Dataset records:
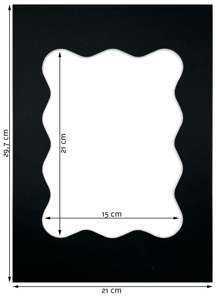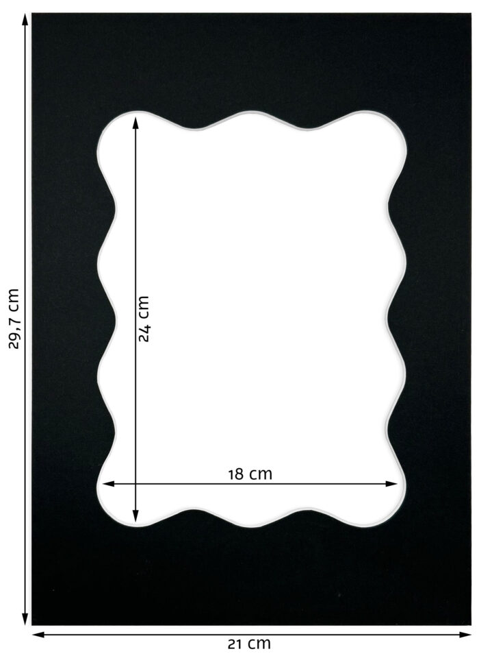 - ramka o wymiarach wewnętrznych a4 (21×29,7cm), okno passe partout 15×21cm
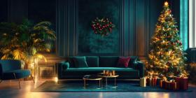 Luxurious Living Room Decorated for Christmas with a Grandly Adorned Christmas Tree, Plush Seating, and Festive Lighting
--
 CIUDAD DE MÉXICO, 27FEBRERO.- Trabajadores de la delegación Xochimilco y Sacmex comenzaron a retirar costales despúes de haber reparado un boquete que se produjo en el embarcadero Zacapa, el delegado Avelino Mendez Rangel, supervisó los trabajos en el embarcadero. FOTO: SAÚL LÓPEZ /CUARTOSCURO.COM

About this exercise:
Retype only the lines above from the one with "- ramka o wymiarach" through the one with "Luxurious Living Room", exactly and with both ends. Images stay out.

Response:
 - ramka o wymiarach wewnętrznych a4 (21×29,7cm), okno passe partout 15×21cm
 Luxurious Living Room Decorated for Christmas with a Grandly Adorned Christmas Tree, Plush Seating, and Festive Lighting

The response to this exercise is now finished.